Among the presumed differentials is PRES, posterior reversible encephalopathy syndrome. PRES is a group of neurological signs and symptoms and characteristic radiologic findings that are usually reversible [11]. Clinically, PRES is diagnosed by acute onset of headache, seizures, visual problems and encephalopathy, in addition to the radiologic findings of vasogenic edema, either by CT or MRI (Preferred), mainly affecting the parieto-occipital lobes [12]. Referring to our patient, PRES could easily be excluded as, by definition, PRES should have radiologic findings as part of the diagnostic criteria and both CT and MRI were done for the patient and no one could identify any consistent findings for PRES or any other intracranial lesion that might explain the clinical picture of the patient.

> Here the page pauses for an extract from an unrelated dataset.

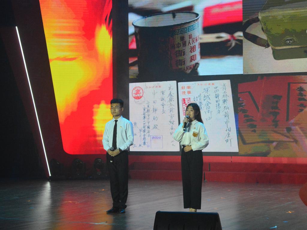 信息学院以“红肚兜”为引讲述杨荣显一家八子,满门忠烈的英雄事迹,进而讴歌从古至今无数共产党人身上不怕牺牲、无私奉献的精神。故事中,母亲在儿子参军前送的红肚兜,一针一线所含的不仅是对孩子的牵挂,更是对党和红军战士的拥护,是对幸福安定的期待。演讲过程中,母亲对儿子的思念,儿子战场赴死姿态,演员表现地十分细致,观众为之动容。演讲者声声透露真情,最后一句呐喊“中国有我”,与观众形成互动,赢得热烈的掌声。
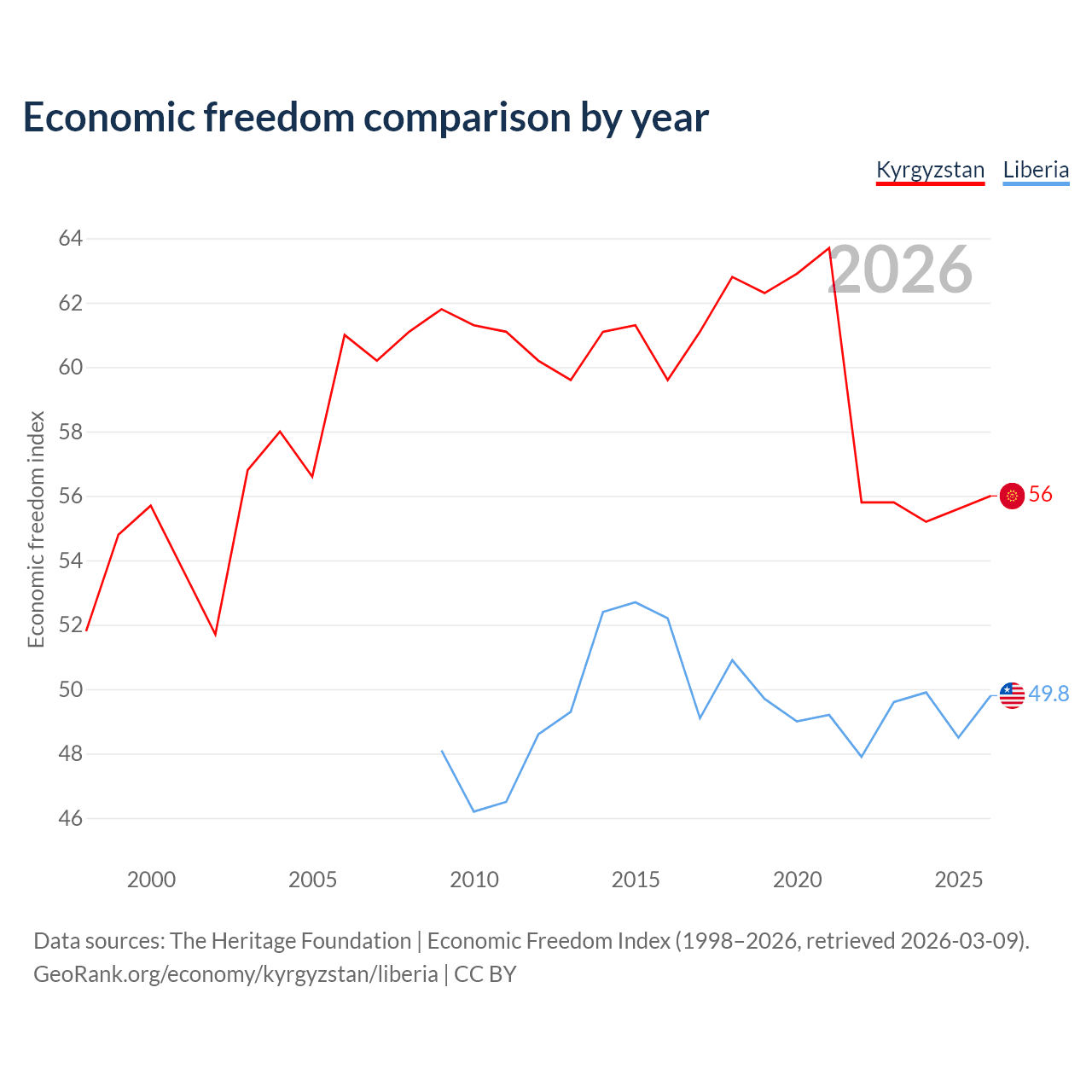 The Economic Freedom Index for Kyrgyzstan is 56, ranking 126/197, compared to 49.8 for Liberia, ranking 163/197. The chart above displays a comparison of annual changes in economic freedom indexes.

The manifestations of baclofen toxicity are dizziness, nausea, vomiting, respiratory depression, altered mental status, ataxia, dystonia and coma [3, 6, 8, 13]. Reversible akinetic mutism [14] and severe comatose state with absent brain stem reflexes have been documented with severe baclofen intoxication [15]. The degree of chronic renal failure varied among patients from acute kidney injury to stage 5 chronic renal failure and eventually end stage renal disease [6, 15].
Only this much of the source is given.